Iets meer dan de helft van alle dijktrajecten voldoet momenteel nog niet aan de strengere veiligheidseisen die gelden voor de verwachte situatie in 2050. Dat concluderen de waterschappen en Rijkswaterstaat na afronding van de eerste landelijke beoordelingsronde van de primaire waterkeringen.
Zij hebben deze beoordeling uitgevoerd sinds in 2017 nieuwe normen voor waterveiligheid in werking zijn getreden. De 21 waterschappen en Rijkswaterstaat keken naar de dijken, sluizen en gemalen die worden aangeduid als primaire keringen voor de bescherming tegen overstromingen door hoogwater. Hiervoor gelden strengere eisen die vooruitlopen op de verwachte hogere kans op een overstroming in 2050.
Daaraan voldoet al bijna de helft van de dijktrajecten, blijkt uit de resultaten van de landelijke beoordelingsronde. Bij de rest van de trajecten is het nodig om dijken geheel of gedeeltelijk te versterken. Dat gebeurt in het kader van het Hoogwaterbeschermingsprogramma (HWBP) en moet uiterlijk in 2050 zijn voltooid.
De beoordelingsresultaten zijn ingediend bij de Inspectie Leefomgeving en Transport. De toezichthouder velt met behulp van een conformiteitscheck het uiteindelijke oordeel. Op basis daarvan presenteert de minister van Infrastructuur en Waterstaat eind 2023 het landelijke veiligheidsbeeld. Hierin wordt ook een inschatting gegeven van wat de versterkingsopgave gaat kosten.

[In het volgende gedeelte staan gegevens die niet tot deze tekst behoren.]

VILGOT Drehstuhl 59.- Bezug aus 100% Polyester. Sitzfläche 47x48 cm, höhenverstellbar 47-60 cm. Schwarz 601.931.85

Nieuwe beoordelingsronde op komst
Het tot en met 2050 versterken en vernieuwen van de primaire waterkeringen wordt omschreven als de grootste waterveiligheidsoperatie sinds de Deltawerken. De waterschappen en Rijkswaterstaat pakken ongeveer 1.500 kilometer aan dijken en 400 sluizen en gemalen aan, verspreid over zo’n 300 projecten. Volgens hen is het versterkingsprogramma al goed op stoom gekomen.

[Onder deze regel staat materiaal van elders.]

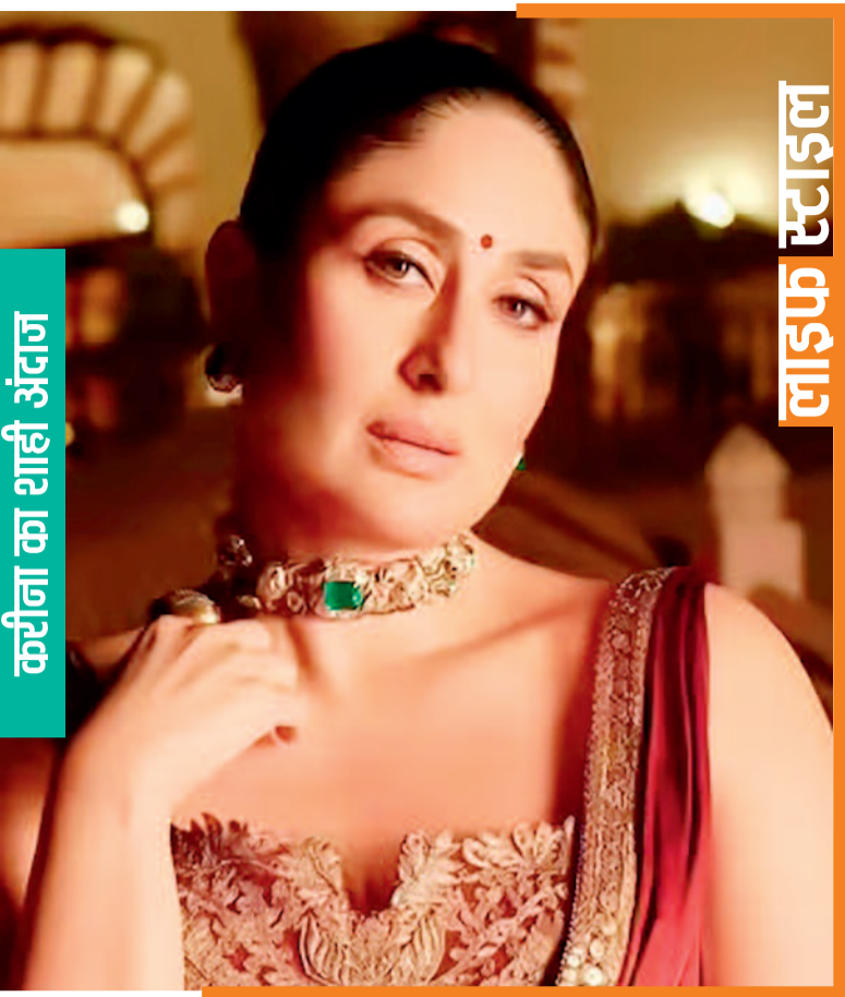
करिना का शाही अंदाज

करिना कपूर ने एक बार फिर साबित कर दिया कि स्टाइल के मामले में उनका मुकाबला करना आसान नहीं है। एक ज्वेलरी इवेंट में उनका ट्रेडिशनल और मॉडर्न का मेल हर किसी का ध्यान खींचा। यह लुक सादगी, शाहीपन और व्लास का खूबसूरत मिश्रण था, जिसमें हर डिटेल खास नजर आ रही थी। उन्होंने फिलोरी कुर्ता सेट पहना। गहरे नीले रंग का अज्रख प्रिंट था। नीचे की ओर उन्होंने साधारण पैंट्स की जगह डिजाइनदार सलवार पहनी, जिसमें स्ट्राइप्स और कढ़ाई का सुंदर मेल था। इसने पूरे लुक को हल्का विटेज और शाही एहसास दिया।

Alle primaire keringen worden eens in de twaalf jaar beoordeeld. Nu de eerste landelijke beoordelingsronde voorbij is, gaan de waterschappen en Rijkswaterstaat een tweede ronde tot 2035 voorbereiden. Daarin zullen zij de dijken en andere keringen controleren op basis van de meest actuele kennis, zoals de nieuwste klimaatscenario’s van het KNMI.
Dijken momenteel wel veilig
De primaire keringen die nog moeten worden versterkt, zijn volgens bestuurslid Jeroen Haan van de Unie van Waterschappen op het ogenblik veilig. “De waterschappen en Rijkswaterstaat inspecteren en onderhouden de waterkeringen in Nederland permanent. En als er een vermoeden is van een acute onveilige situatie grijpen ze direct in.”
Michèle Blom, directeur-generaal Rijkswaterstaat, wijst erop dat zonder dijken 60 procent van Nederland regelmatig zou overstromen. “Klimaatverandering laat zien dat werken aan waterveiligheid nooit af is. Deze dijkinspecties zijn ontzettend waardevol, omdat ze laten zien waar we aan de bak moeten om ervoor te zorgen dat ons land het best beveiligde land ter wereld blijft.”